> SUPPLIED MATERIAL
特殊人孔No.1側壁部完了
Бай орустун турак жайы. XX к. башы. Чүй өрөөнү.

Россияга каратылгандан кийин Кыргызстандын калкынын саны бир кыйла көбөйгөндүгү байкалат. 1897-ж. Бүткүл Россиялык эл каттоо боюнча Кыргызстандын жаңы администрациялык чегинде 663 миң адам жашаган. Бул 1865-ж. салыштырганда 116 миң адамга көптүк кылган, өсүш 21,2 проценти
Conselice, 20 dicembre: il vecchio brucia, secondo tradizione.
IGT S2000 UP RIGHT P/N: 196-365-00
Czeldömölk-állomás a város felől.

--

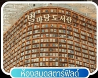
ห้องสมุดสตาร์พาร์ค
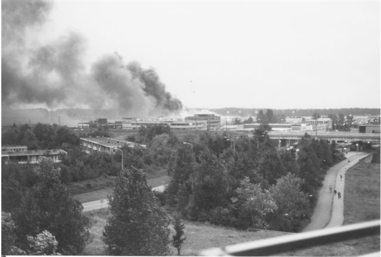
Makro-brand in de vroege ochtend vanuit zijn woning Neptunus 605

> TASK STATEMENT
Of all the entries above, repeat only the lines from the line that has "特殊人孔No.1側壁部完了" to the line that has "Czeldömölk-állomás a város felől.", both lines included, exactly.

> ANSWER TO THIS PROBLEM
特殊人孔No.1側壁部完了
Бай орустун турак жайы. XX к. башы. Чүй өрөөнү.

Россияга каратылгандан кийин Кыргызстандын калкынын саны бир кыйла көбөйгөндүгү байкалат. 1897-ж. Бүткүл Россиялык эл каттоо боюнча Кыргызстандын жаңы администрациялык чегинде 663 миң адам жашаган. Бул 1865-ж. салыштырганда 116 миң адамга көптүк кылган, өсүш 21,2 проценти
Conselice, 20 dicembre: il vecchio brucia, secondo tradizione.
IGT S2000 UP RIGHT P/N: 196-365-00
Czeldömölk-állomás a város felől.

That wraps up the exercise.